Different takes on tax reform

Published 12:00 am Thursday, May 23, 2013

Most people like the idea of paying lower income taxes — but what if it means paying more for peanut butter, home repairs or prescription drugs?
That’s one of the possibilities as the N.C. Legislature takes up tax reform and the nitty gritty of budget details. Tax reform was part of the Republican platform in last fall’s elections. The GOP-led legislature now looks poised to make good on that promise, although the House and Senate have different ideas on what shape reform should take.
They agree on some main points, such as closing loopholes and lowering the personal and corporate income tax rates, although the House plan wouldn’t cut the rates quite as much as the Senate proposes. Both chambers also envision a slight drop in the combined state and local sales tax (currently 6.75 percent, not including local option taxes applied in Rowan and other counties). The House would set the combined sales tax at 6.65 percent, while the Senate would tick it down to 6.5 percent.

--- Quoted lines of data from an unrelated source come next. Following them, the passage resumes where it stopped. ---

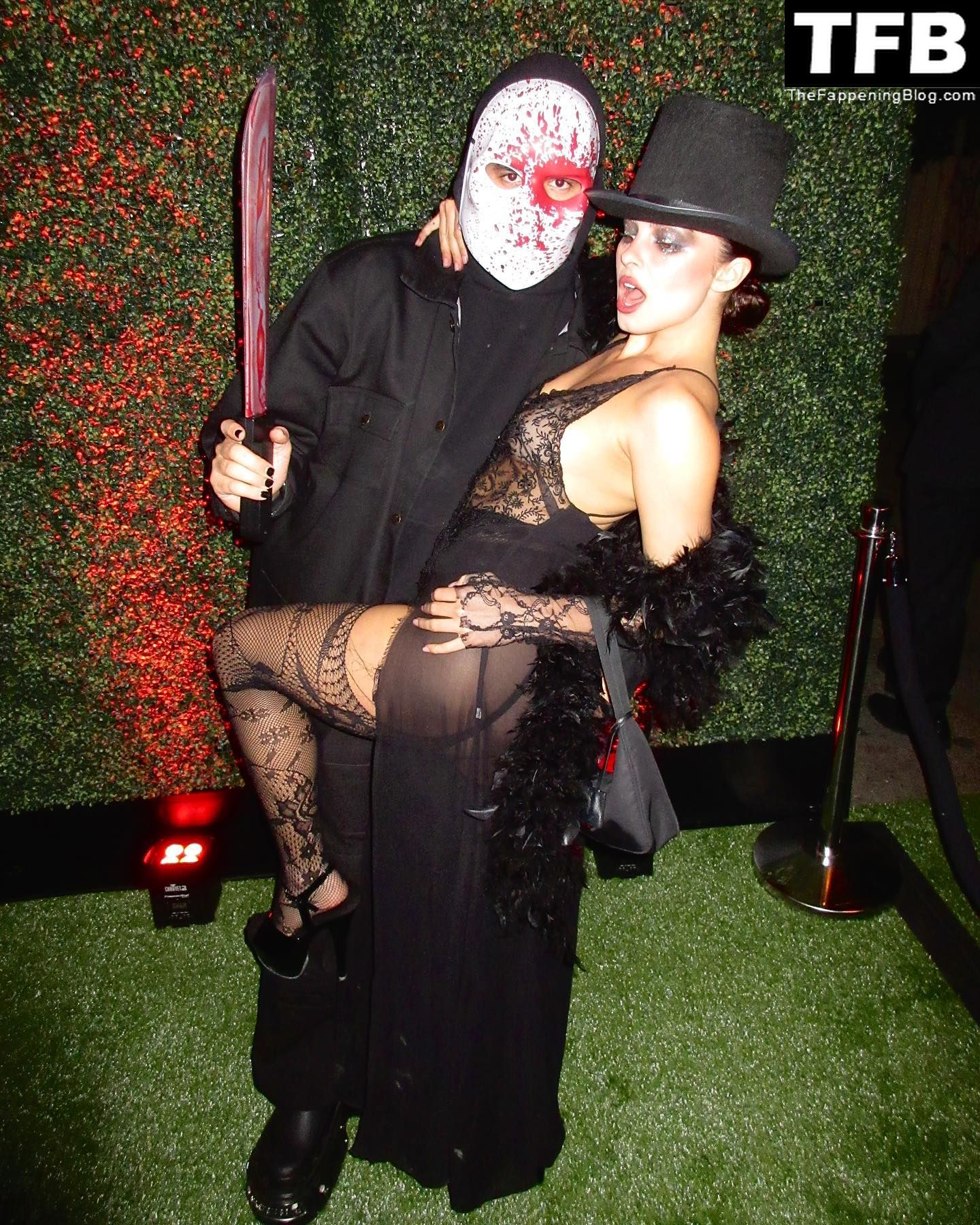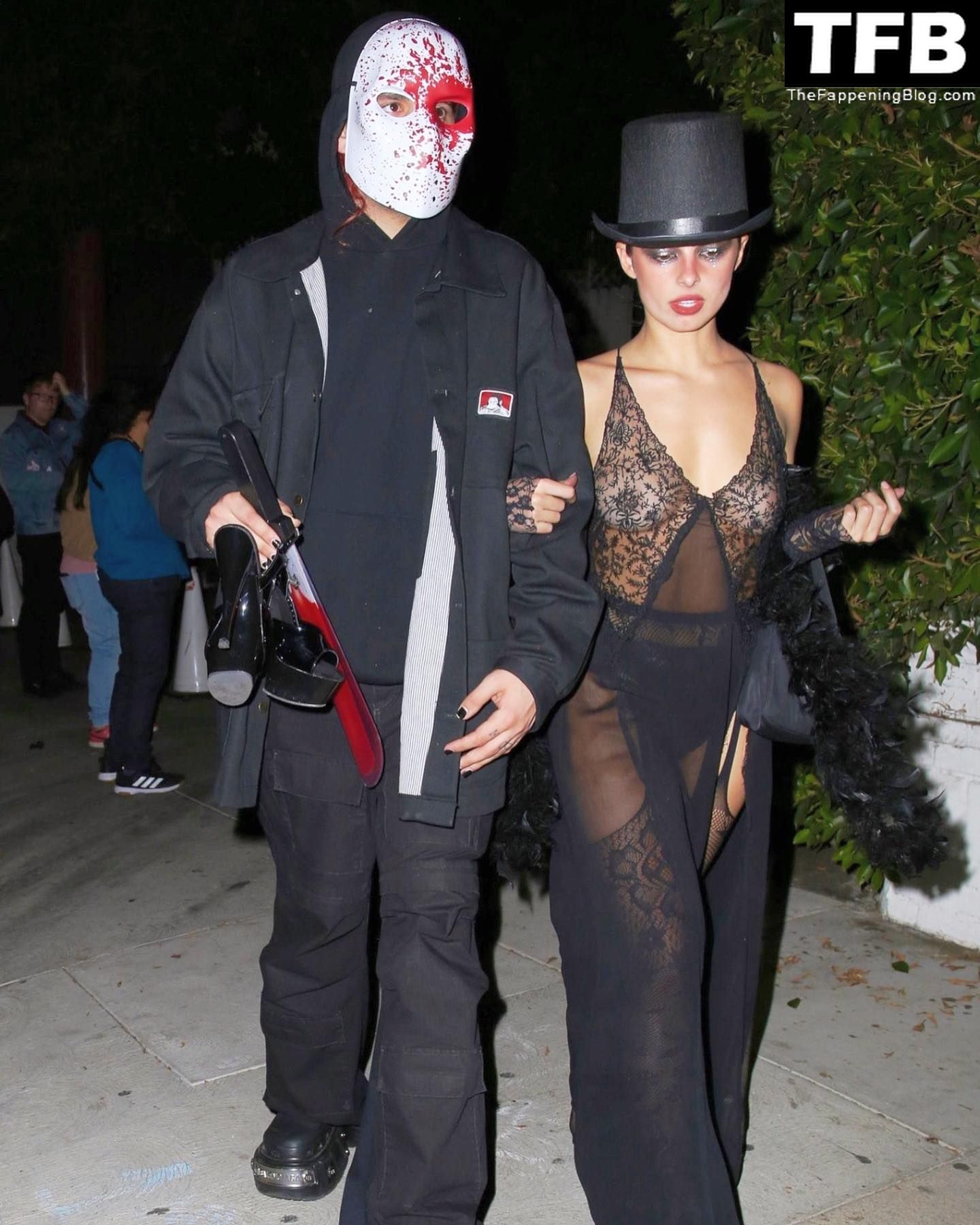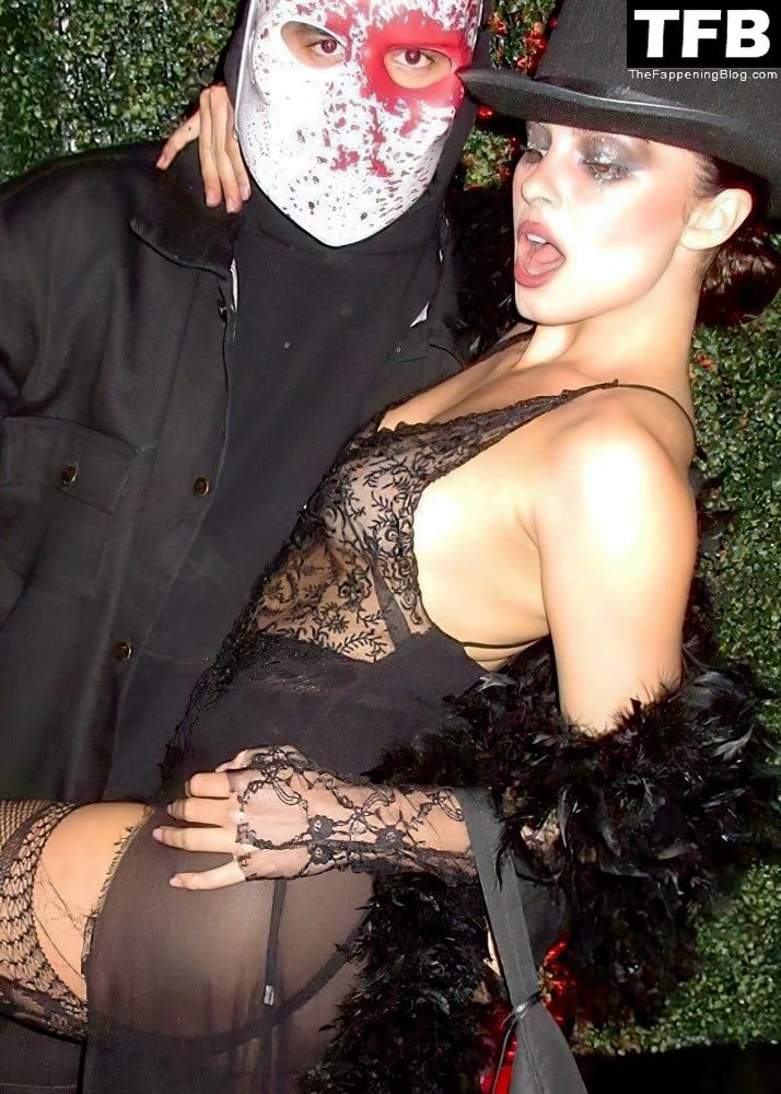 Эддисон Рэй в кружевном чёрном наряде на вечеринке и при выходе из Chateau Marmont в Вест-Голливуде, 29.10.2022.
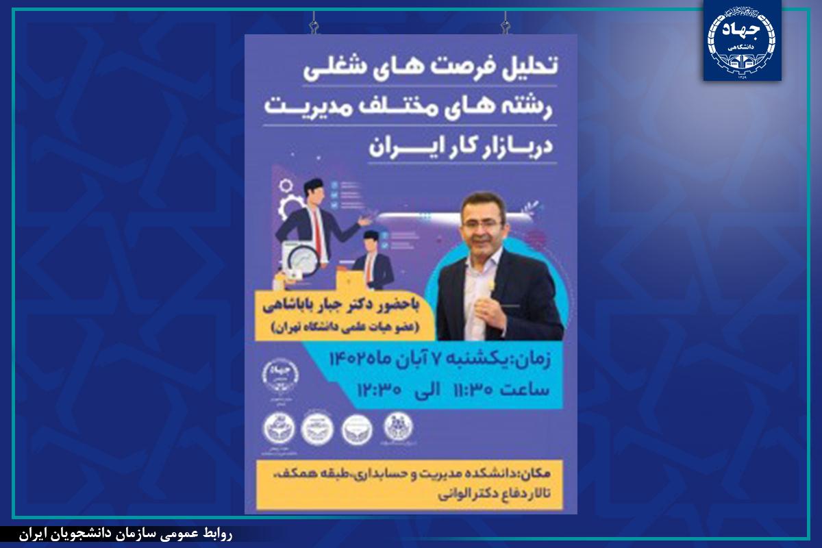 کارگاه «تحلیل فرصتهای شغلی رشتههای مختلف مدیریت در بازار کار ایران» توسط سازمان دانشجویان جهاددانشگاهی استان قم برگزار شد
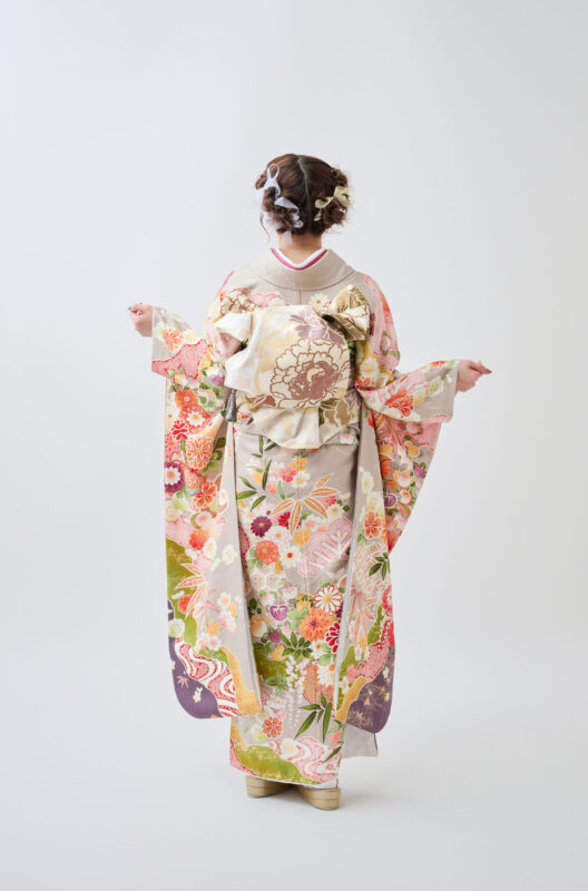 甘さを抑えた色使いで、どこか今っぽい、やわらかな華やぎを楽しめる一着です。

In the application of the sales tax, however, the tax reform plans sharply diverge. The House version would keep the current state sales tax exemption for food (which is subject to a 2 percent tax at the local level) and the exemption for prescription drugs. Senate leaders want those exemptions removed.
The House plan would expand the sales tax to services, but only for businesses that are already collecting tax on tangible items (such as repair parts). The Senate plan would greatly expand the scope of services that would fall under the sales tax, from legal services to lawn mower repair.
The tax reform debate is really an economic debate. It’s an article of conservative supply-side faith that lowering taxes on individuals and businesses leads to more investment, more savings and, as a result, more growth and job creation. Taxing consumption is more broad based, the argument goes, and gives individuals the discretion to pay more or less tax, depending on how much stuff they buy. Hence the Senate’s dubbing its plan the “Tax Fairness Act.”
“The more you spend, the more you pay,” Senate leader Phil Berger says. “The less you spend, the less you pay.”
Sounds simple — if you’re among the fortunate with lots of discretionary income. But applying the full state sales tax to food and medications, as well as to more goods and services, will inevitably result in more out-of-pocket expenses for many people. Middle-income families, as well as senior citizens on fixed incomes, would pay the same tax on a jar of peanut butter — or a furnace repair — as a multimillionaire.
Broadening the tax base is a worthy goal, and the shift to a service economy means more services need to be taxed. But tax hikes on food and pharmaceuticals would fall hardest on those least able to bear the additional burden, and there’s nothing fair about that. Thus far, House leaders are taking a more moderate approach, one the Senate would do well to follow.